We arrived at their home where we were to spend some time before heading to a restaurant. The first question I was asked was whether I wanted a Scotch.

Let me acknowledge that the couple was clearly being gracious. It is just that it has been well over a decade since I have consumed any significant alcohol. It takes two drinks these days to make me tipsy and with 3 I may not be sharp enough to drive. (As a complete aside I now take antihistamines twice a day which when mixed with alcohol make me very drowsy. This will become relevant to the story a bit later.)

This is by no means a moral statement. From 18-35 I would drink to excess whenever the occasion called for it. One of my favorite nights included 10 gin and tonics on an empty stomach, a minor blackout and waking up the next day dressed in most of my suit with all the lights on in the apartment and the door to my apartment open. Fortunately I managed to close the door to the building of the three flat so no one walked in on me.

I also begrudge no one as much alcohol as they want to consume.  As long as they drink no more than allows them to drive safely or not throw up on me, lets party on Garth.

But here I am in a social situation with my wife’s friends.
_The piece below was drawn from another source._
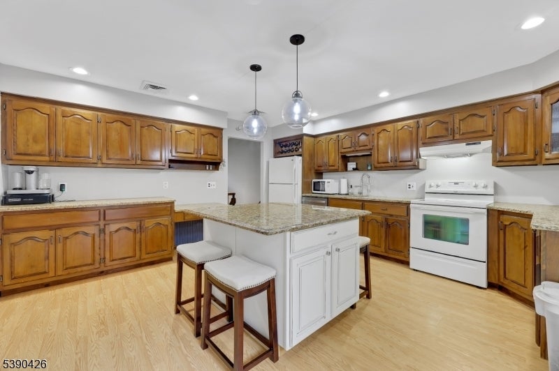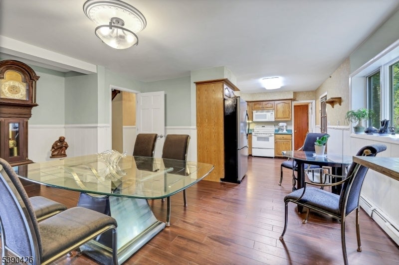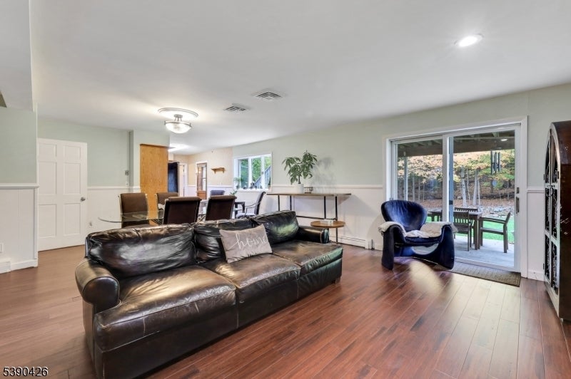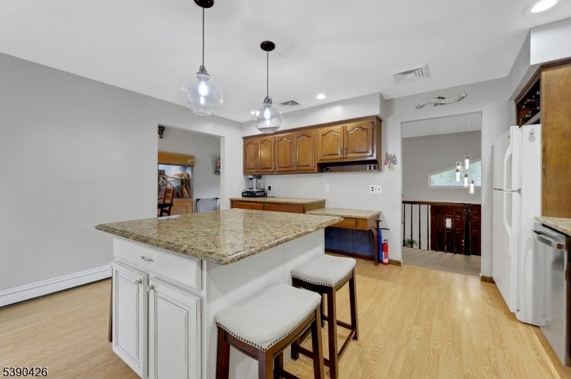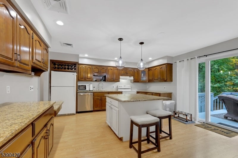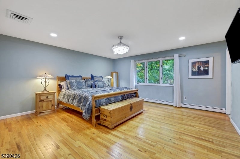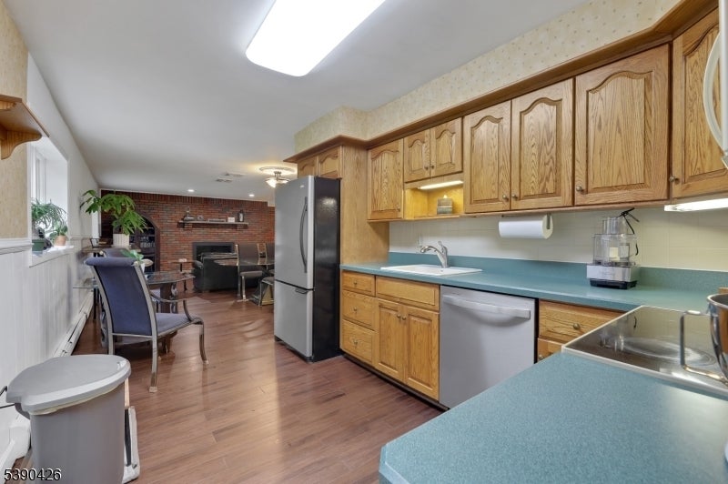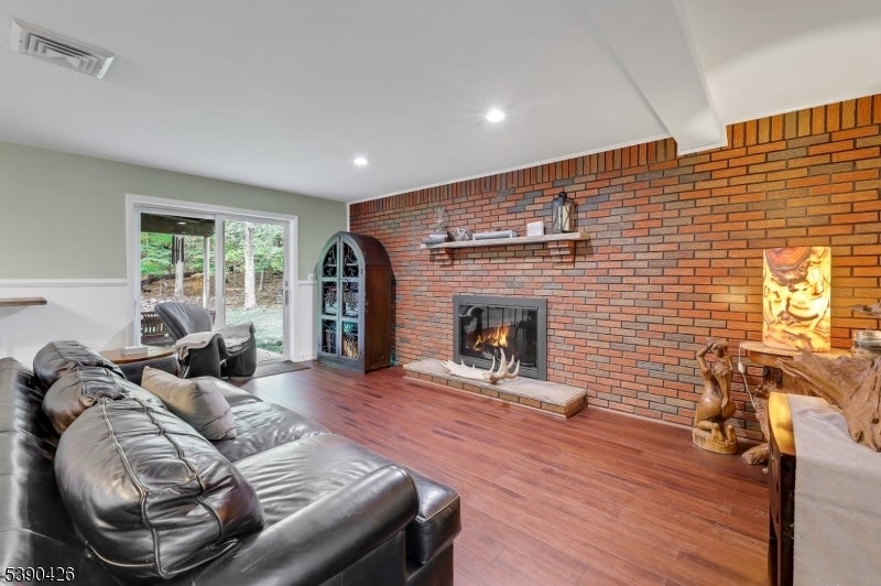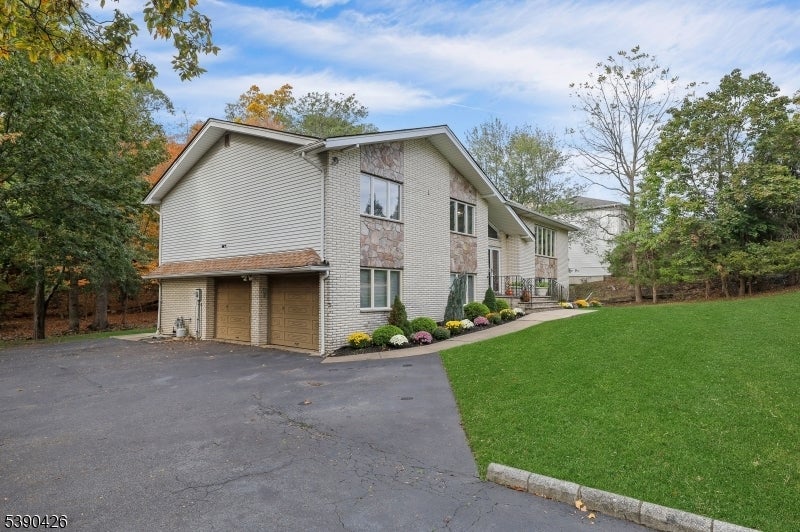 Sitting in a picturesque desirable neighborhood, this lovely brick and stone faced oversize bilevel home has amazing curb appeal and offers an ideal floor plan for daily enjoyment and entertaining. The main level features an enormous kitchen with abundant cabinet space, stainless steel appliances, center island and opens directly to a deck with a view of privately owned woodlands: perfect for indoor/outdoor gatherings. A dining room accommodates holiday gatherings easily, flowing into a comfortable sunlit living room. An expansive primary suite offers a private bath, generous closet space, stunning light fixture with retractable ceiling fan and flat-screen wall TV. Two more bedrooms have large closets and ceiling fans, as well. The ground level offers two separate storage areas, laundry room, summer kitchen, large recreation room with a brick-faced wall and fireplace, full bathroom and an additional bedroom ideal for guests or extended living. There's a separate entrance from the summer kitchen, plus additional grade level access via sliders to a concrete patio. The huge two-car garage includes a separate workshop or contractor's office. Sprinkler system, generator hookup and new central air offer additional value. A well-maintained home, coupled with an ideal location -- one the prettiest neighborhoods in the popular community of North Haledon -- make this a stellar opportunity you don't want to miss.

I want them to be comfortable. I do not particularly want to share what drugs I am on. So how should I answer the question, “Would you like a Scotch?” In my case I respond, “No thanks but can I have a glass of water?” After a puzzled look and a polite inquiry of whether I drink at all, I say that I do and leave it at that, we sit. I, being socially retarded, begin to worry whether I should have just taken a drink. My gut says be yourself. My gut however is also socially retarded.

I do have a glass of the sparkling wine we brought over. But at dinner here I am again. After perusing the menu I am queried as to what I am going to order to drink. I have been busy trying to decide between the fish tacos with tilapia or the chicken. My eyes have not strayed over to the drink menu. I do know that drinking is an important part of socializing for some.  As I said, I do not want someone to not drink because I do not. A few non-alcoholic drinks are suggested by our dinner companions, with just a bit too much enthusiasm almost smacking of aggression it seems to me. I stick to water and change the subject.

They and my wife each ordered a drink. They did not order a second. I being me am concerned that I stopped them from having more. I just focus on being as friendly and conversational as possible. This comes not easily for me with strangers.  

We come to the last act of the evening back at their home for awhile and I turn down a port. By this time I sense that they are used to me and not bothered– at least by my non-drinking. The conversation goes smoothly.

I probably could have made it easier on all of us by declaring my addiction to antihistamines as a reason for drinking little. I am not built that way. The drugs I take and the reasons why are my private business. At my advanced age I expect that people will or will not like me for the entire package rather than any one quirk.

I just wish that I had a better developed social radar. Maybe I should get out more.